公孙大娘闻言不由得一呆,老大不忍的说道:
“叔叔,难道这次营救行动……根本就无成功之可能?难道此次去相府救人,竟是特意为了激怒奸相杀了那两个孩子?以坚陈玄礼对抗之心?”
岐王并未直接答话,而是缓缓抬起目光,凝视公孙大娘道:
“大娘,我相信你时刻都不会忘记,你父亲及所有家人被杨国忠残忍杀害的血海深仇!
“相府势大非岐王府一力能敌,为扳倒杨国忠有时不得不用特殊手段,还望你能理解。
“你不是不知道奸相实力雄厚,要将他铲除实不是件容易之事。再且奸相残忍毒辣、阴险狡诈,咱们一个不慎便有可能被他击败。
“为求能彻底击垮相府,咱们便不得不硬下心肠作一些非常之事,须知若想彻底击败敌人,便不能抱有妇人之仁!”
一听岐王此话,公孙大娘低下头默默无语,半晌方低声道:
“叔叔,我只觉得那两个小孩很可怜,很无辜而已……”
岐王叹了口气说道:
“你父亲及全家被杨国忠残害而死时,你才七岁,你两个兄长一个九岁一个八岁,难道就不可怜、不无辜?
“被杨国忠残害的那许多人又有哪一个不可怜、不无辜?大娘你可得记住,
“要报血海深仇便决不能有仁慈之心,为达目的有时候需要不择手段,有人无辜这是难免之事。”
公孙大娘低头道:
“叔叔,大娘明白。”
岐王语气一松,说道:
“那就暂时说到此处罢,切记明日营救陈玄礼儿女时须得小心,所有人员都要全身而退,勿作无谓之牺牲。”
公孙大娘点头道:
“放心罢叔叔,我明白该如何做,不会让我方人手受到损害。”
公孙大娘说罢,转身默默而去。
望着公孙大娘的身影,岐王显得若有所思,须臾,两眼中露出不可捉摸的意味。
次日一大早,左天王、公孙大娘、梅傲雪、石非寒、易冲天、雷声大等人先后到了议事厅,然而却不见厉风行。

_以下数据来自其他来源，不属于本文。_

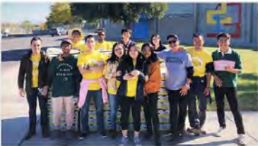
November 9, 2019 @ Just One Project - Helen Marie Smith Elementary School

左天王见厉风行久久未到,不由得有些奇怪,当即对梅傲雪道:
“风行是个急脾气,每次行动聚集都是最先来到,何以今日竟迟迟未见出现?傲雪你去催他一声。”
“好的左大哥!”
梅傲雪应声而起,快步出了议事厅。
怎想到片刻之后,只见梅傲雪脸色大变急急而返,颤声对左天王说道:“大事不好左大哥,风行已死在房中……”
左天王闻言跳了起来,二话不说当先冲了出去,雷声大连忙紧随其后,公孙大娘等诸人也快步跟随。
左天王冲到厉风行房前,看到房门虚掩,当即推开门走进房里。
一进房中左天王当即呆住,只见厉风行仰面躺于地上,面色煞白,嘴边淌出的血已变色凝结。
左天王连忙蹲下身察看,发现厉风行身体僵硬,显然已死去多时。
他正发呆之时,雷声大已跟着来到。
这九鼻犬不愧是位经验丰富的老捕头,一进房便四下察看门窗,仔细检查房子物件,不放过一丝痕迹。
未及片刻,公孙大娘、易冲天、石非寒等人也匆匆赶到,一见厉风行横尸地上,易冲天当即踉跄而跪,撕心裂肺的大叫:
“风行兄……”
在场之人都知道易冲天与厉风行最为交好,见他如此伤心悲恸,莫不为之黯然。
安追风是梅傲雪最好的朋友,在状元楼一战安追风逝去,梅傲雪悲伤了好长时间,才从失友之痛中走出来。
所以他很了解易冲天痛失好友的那种感受,但此刻梅傲雪也不知该如何劝慰易冲天,他只能默默地在易冲天肩上轻拍两下以示安慰。
雷声大仔细察看过厉风行的尸身后,断然说道:
“厉风行是在毫无防备之下胸心处中了一掌,导致五脏碎裂而亡。”
雷声大言罢凝望房内四处,开口又道:
“房中物件完好门窗无破,地上也无混乱足迹,那凶手一掌便震碎了厉风行五脏,厉风行当场便已毙命。”
说到此处雷声大望向左天王,放慢话语道:
“显而易见,那行凶者不但武功高强,与厉风行还相当稔熟!”
左天王等人也正自疑惑,厉风行的武功已跻入江湖上一流高手之列,岂能被敌人欺到身前毫无知觉?轻轻松松一掌拍在胸膛而全无反抗?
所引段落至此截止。